§ TASK DIRECTIONS:
The answer must consist solely of the lines from the start of the records through the line containing "The Daily SuDoku: Fri 5-Aug-2022", restated word for word, with no pictures.

§ MATERIAL SUPPLIED:

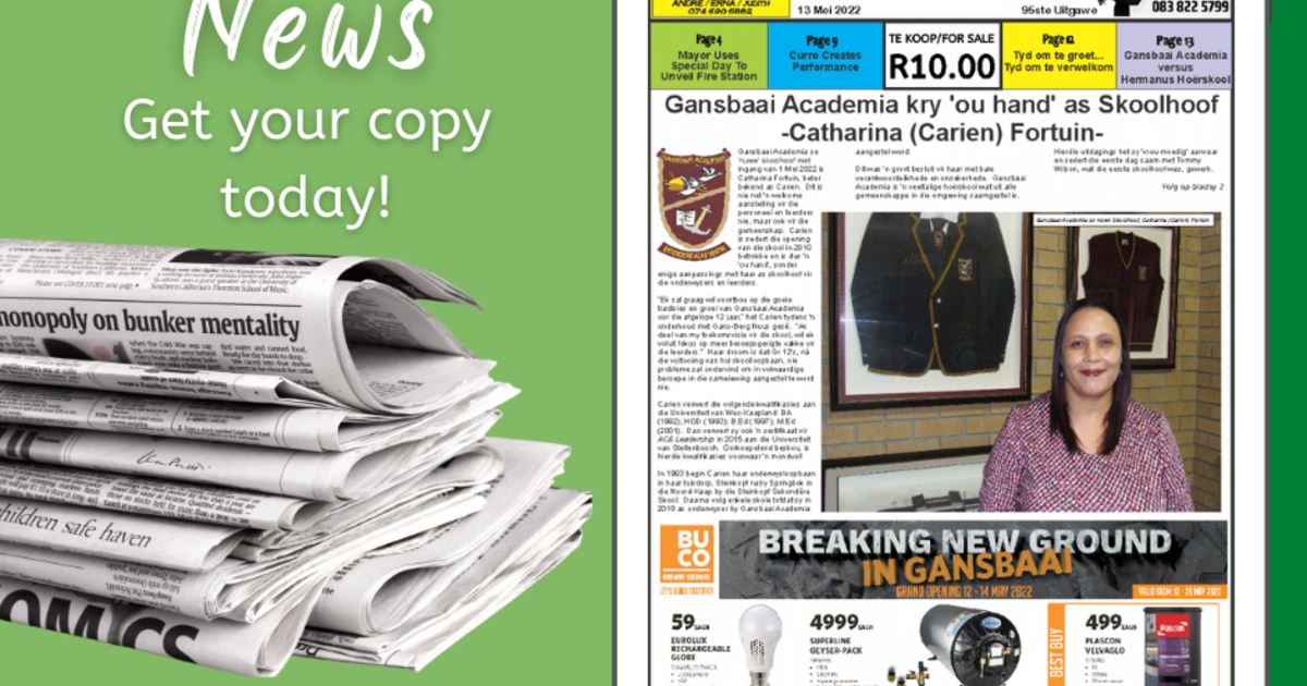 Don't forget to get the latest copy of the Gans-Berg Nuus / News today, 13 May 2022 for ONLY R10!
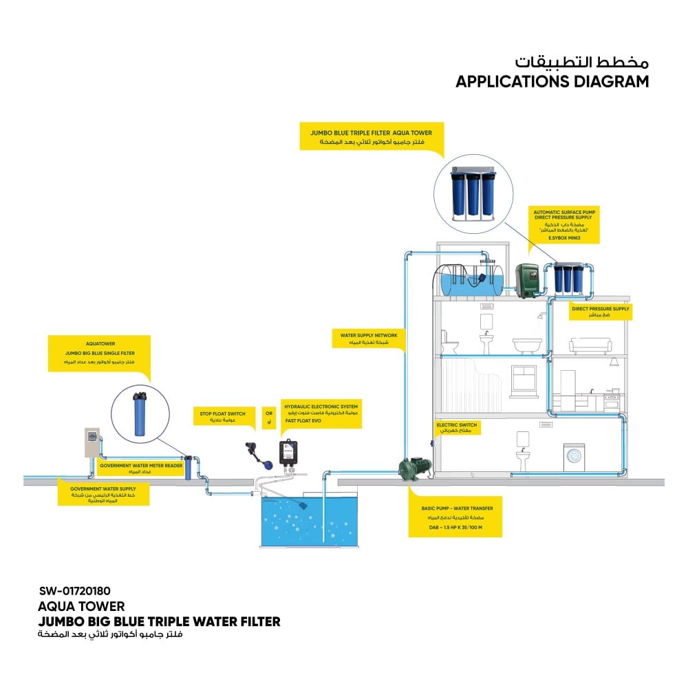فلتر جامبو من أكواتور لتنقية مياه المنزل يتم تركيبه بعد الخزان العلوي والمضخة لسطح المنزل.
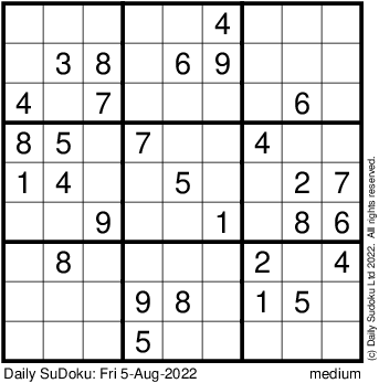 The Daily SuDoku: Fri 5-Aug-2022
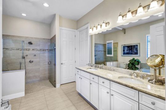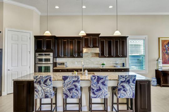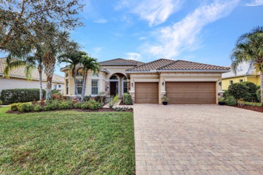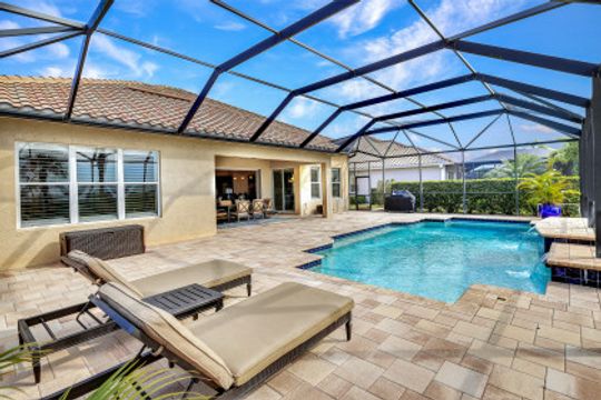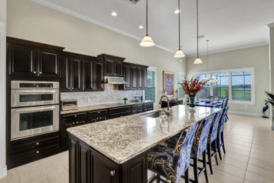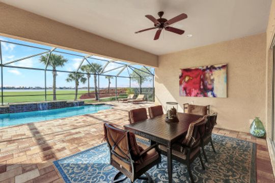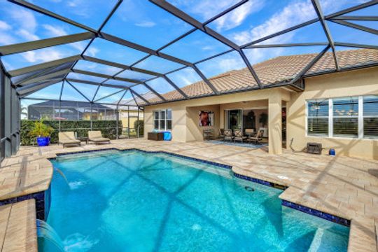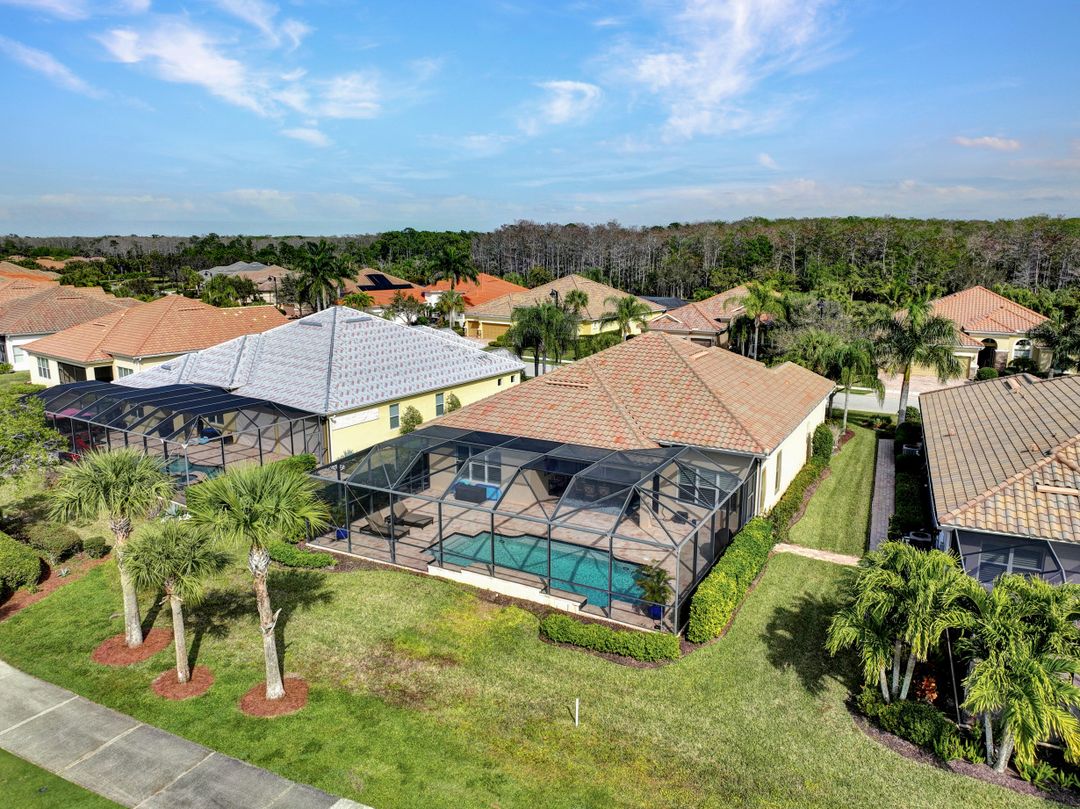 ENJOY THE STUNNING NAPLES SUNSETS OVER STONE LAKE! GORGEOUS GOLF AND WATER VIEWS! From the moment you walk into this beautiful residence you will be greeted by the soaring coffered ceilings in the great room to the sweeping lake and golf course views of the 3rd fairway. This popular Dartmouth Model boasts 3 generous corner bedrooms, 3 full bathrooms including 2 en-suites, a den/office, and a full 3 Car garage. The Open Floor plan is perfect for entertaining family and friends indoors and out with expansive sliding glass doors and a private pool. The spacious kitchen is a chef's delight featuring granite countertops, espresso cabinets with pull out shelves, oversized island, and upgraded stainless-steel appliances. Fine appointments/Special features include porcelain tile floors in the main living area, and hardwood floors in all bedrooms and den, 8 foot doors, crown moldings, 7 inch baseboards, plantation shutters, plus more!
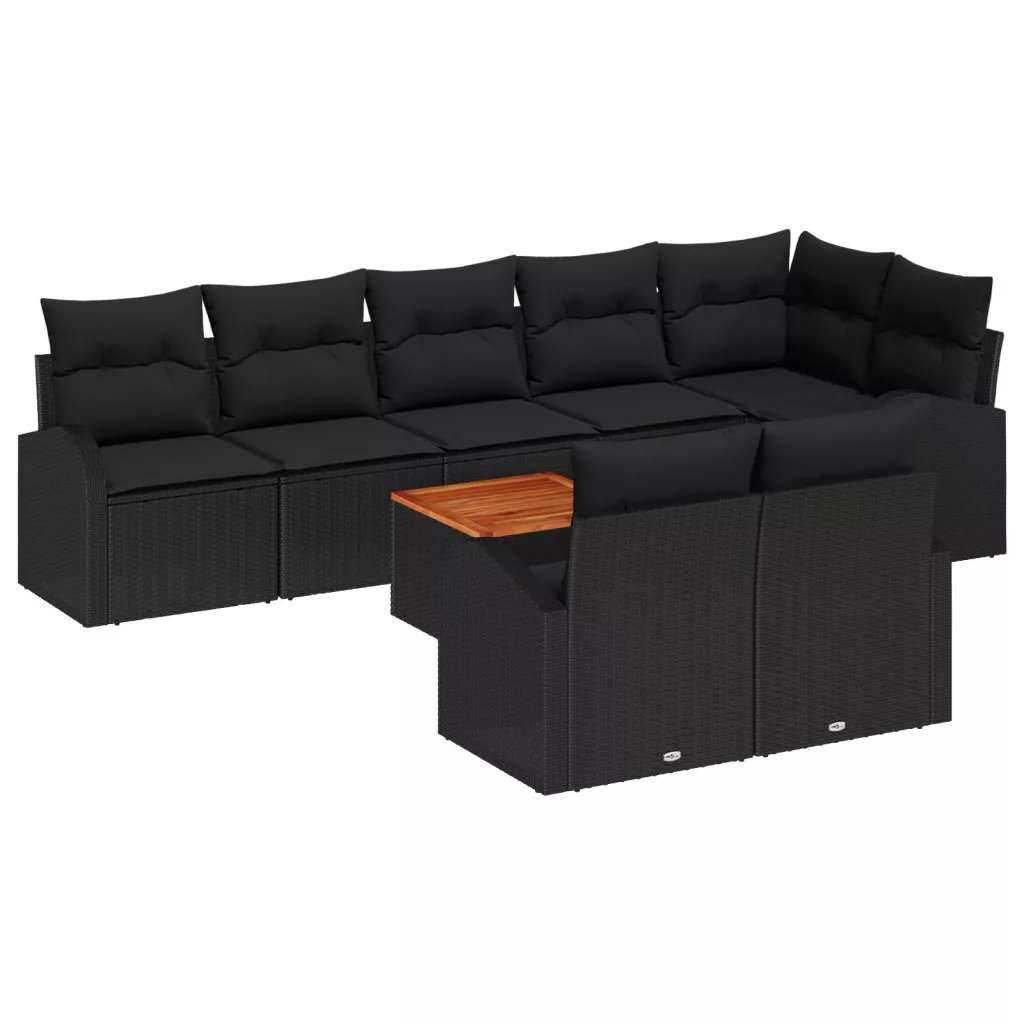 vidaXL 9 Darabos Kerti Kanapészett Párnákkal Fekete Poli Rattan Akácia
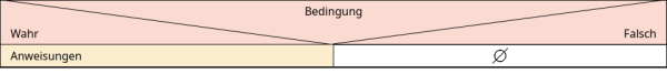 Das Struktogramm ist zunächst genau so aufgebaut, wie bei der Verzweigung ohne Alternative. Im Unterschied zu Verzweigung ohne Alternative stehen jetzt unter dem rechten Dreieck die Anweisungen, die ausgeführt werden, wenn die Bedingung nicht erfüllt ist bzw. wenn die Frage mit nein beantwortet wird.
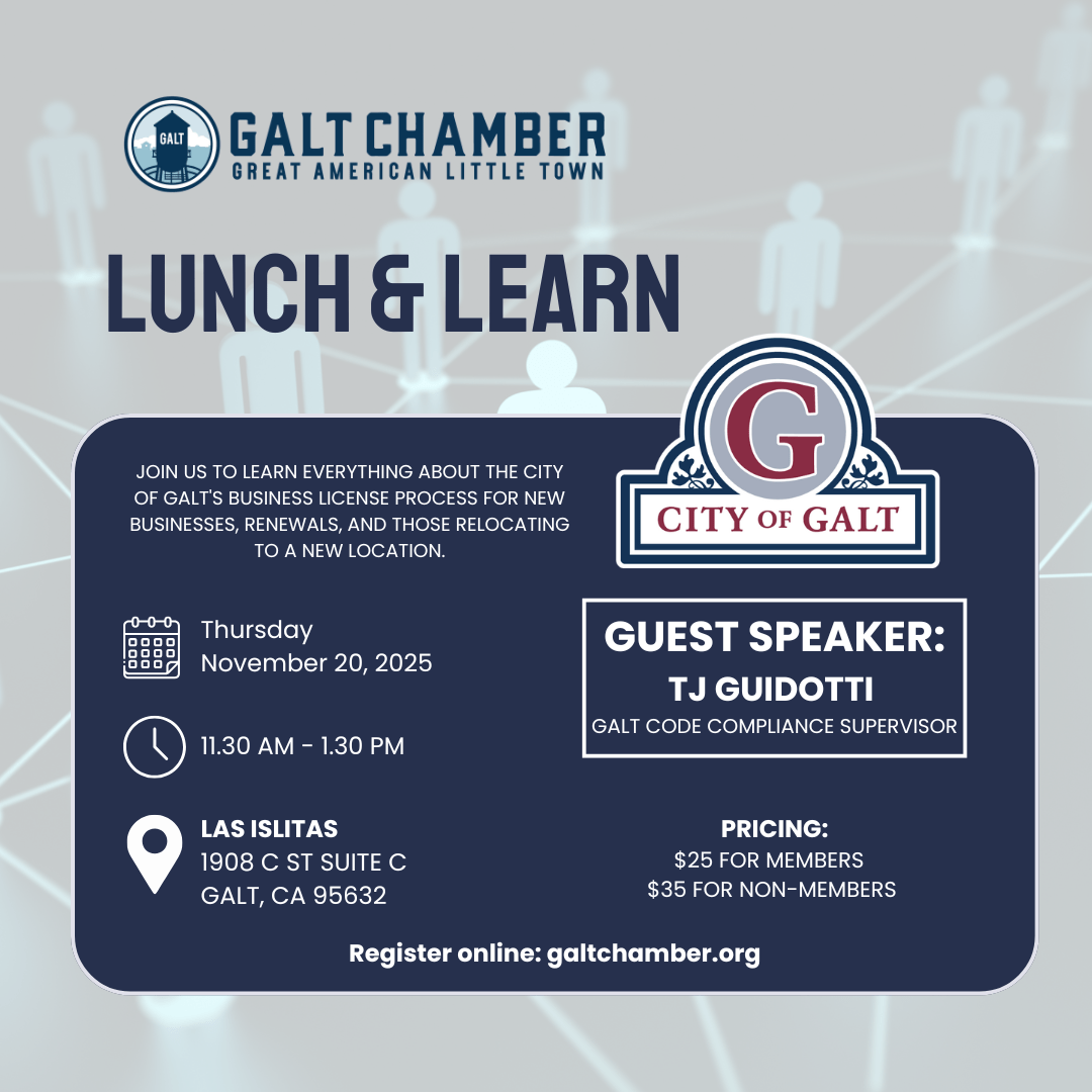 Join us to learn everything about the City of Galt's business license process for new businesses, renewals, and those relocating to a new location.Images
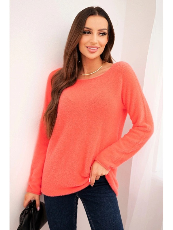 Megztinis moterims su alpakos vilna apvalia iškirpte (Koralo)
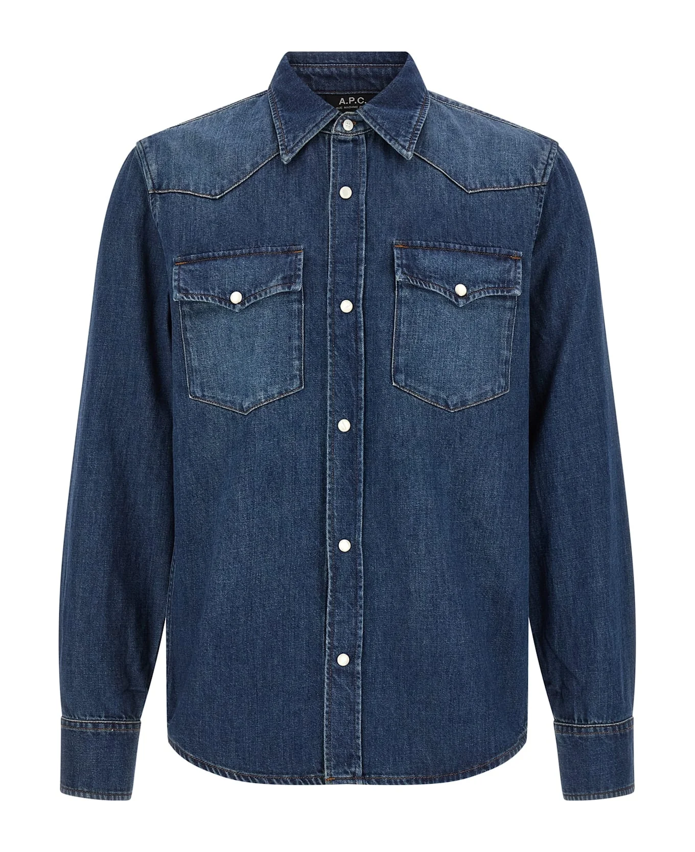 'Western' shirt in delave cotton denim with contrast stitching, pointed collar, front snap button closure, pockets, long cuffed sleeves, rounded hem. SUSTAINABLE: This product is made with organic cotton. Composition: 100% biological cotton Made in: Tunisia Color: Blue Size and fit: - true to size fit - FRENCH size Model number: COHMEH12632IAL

§ ANSWER SECTION:
 Don't forget to get the latest copy of the Gans-Berg Nuus / News today, 13 May 2022 for ONLY R10!
فلتر جامبو من أكواتور لتنقية مياه المنزل يتم تركيبه بعد الخزان العلوي والمضخة لسطح المنزل.
 The Daily SuDoku: Fri 5-Aug-2022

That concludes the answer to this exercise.